Computational intelligence techniques are part of the search process in several recent heuristics. One of their main benefits is the use of an adaptive memory to guide the search towards regions with promising solutions. This paper follows this approach proposing a variation of a well-known iteration independent metaheuristic. This variation adds a learning stage to the search process, which can improve the quality of the solutions found. The proposed metaheuristic, named Intelligent-Guided Adaptive Search (IGAS), provides an efficient solution to the maximum covering facility location problem. Computational experiments conducted by the authors showed that the solutions found by IGAS were better than the solutions obtained by popular methods found in the literature.

Introduction

Facility location is a special class of problems whose goal is to locate a limited number of facilities that fulfill particular constraints. These constraints are primarily dictated by practical necessities, such as a reasonable public coverage. One of these problems, the maximum covering location problem (MCLP) [1], has been fairly studied in the literature [1], [2], [3]. The MCLP addresses the identification of the best sites to locate a pre-defined number of facilities, covering the maximum possible number of customers.

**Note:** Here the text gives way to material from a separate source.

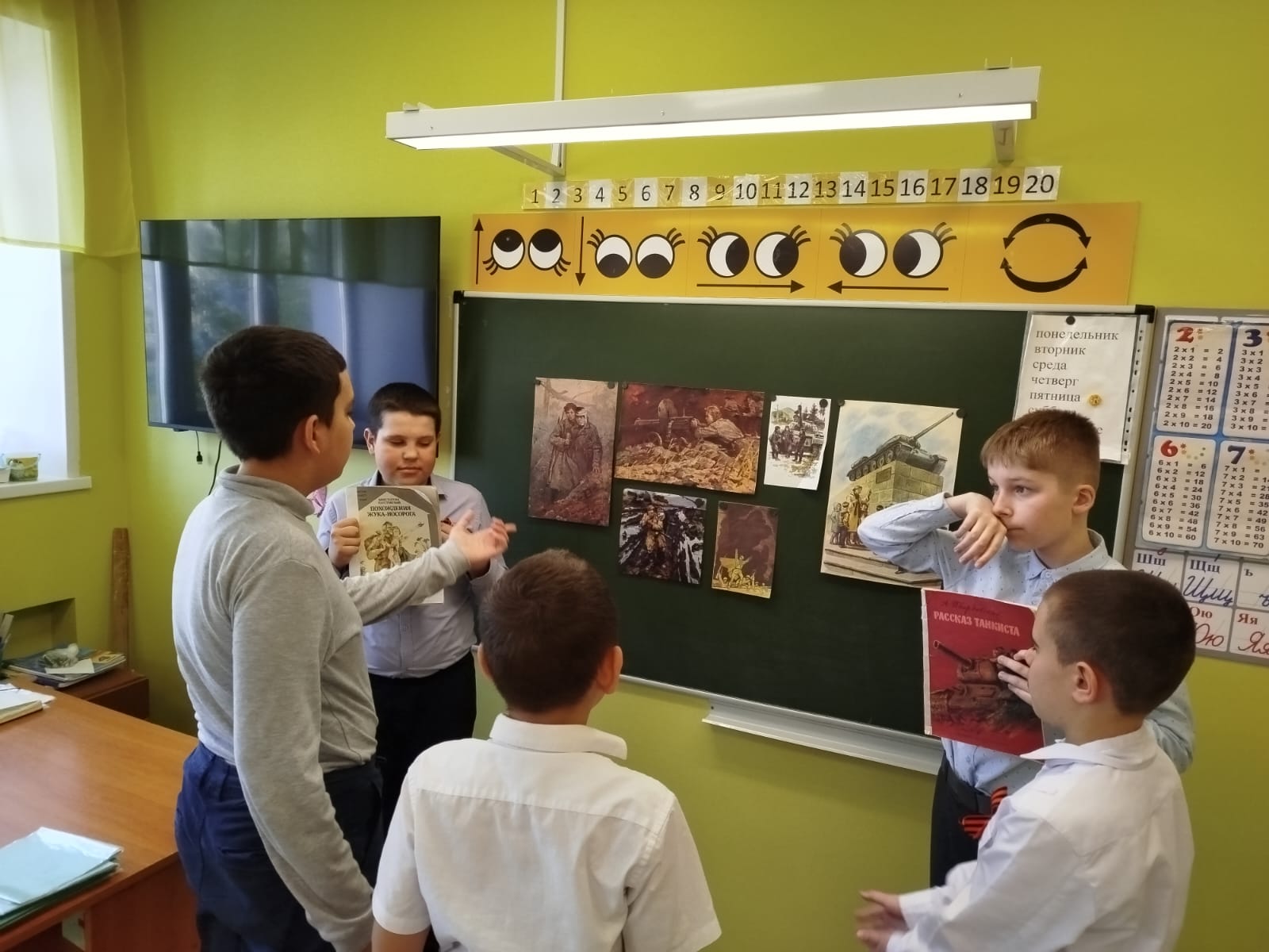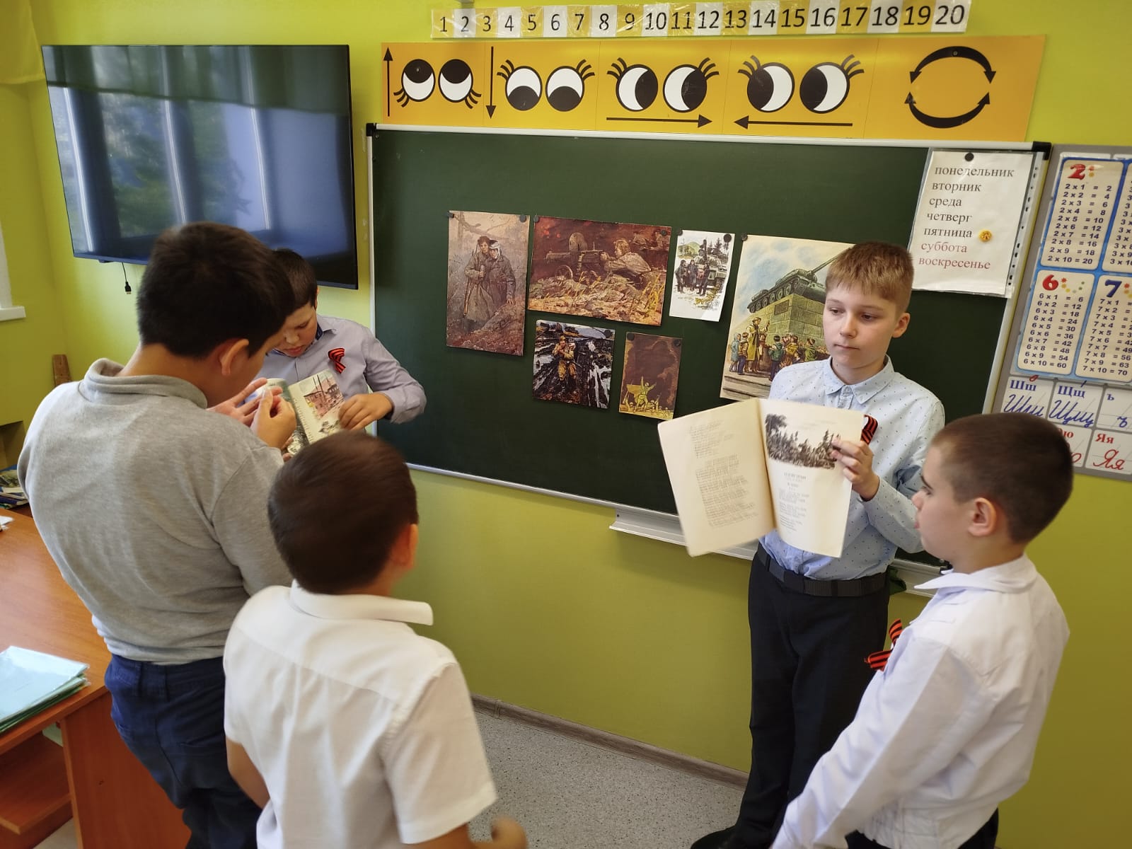 Опубликовано: 22.04.2025Во время внеурочной деятельности по направлению "Читаю в поисках смысла" Ребята 4б класса с интересом работали над рассказами и стихотворениями о ВОВ. Читали произведения, пересказывали понравившиеся отрывки, отвечали на вопросы по текстам.

Since each facility has a coverage area, each customer must be solely addressed by the facilities that cover its area. Garey and Johnson [4] proved that this problem is NP-hard.

The MCLP can deal with several applications, ranging from environmental monitoring to the management of transport networks [5], [6]. Many variants of the MCLP have been investigated for different applications. For example, Lee and Lee [7] developed a tabu search-based heuristic to solve a hierarchical covering location problem. This adaptation of the MCLP to meet more than one type (level) of related service (facility) was introduced in [8] for a health care system design. The facilities can be hospitals and clinics. In the hierarchy, clinics belong to a level inferior to hospitals, since they cover a restricted set of patients, due to their more specialized services. Thus, each clinic can attend a specific set of patient demands. As a result, the different types of facilities should be located in regions that guarantee the maximum coverage of the services, taking into account the availability of resources.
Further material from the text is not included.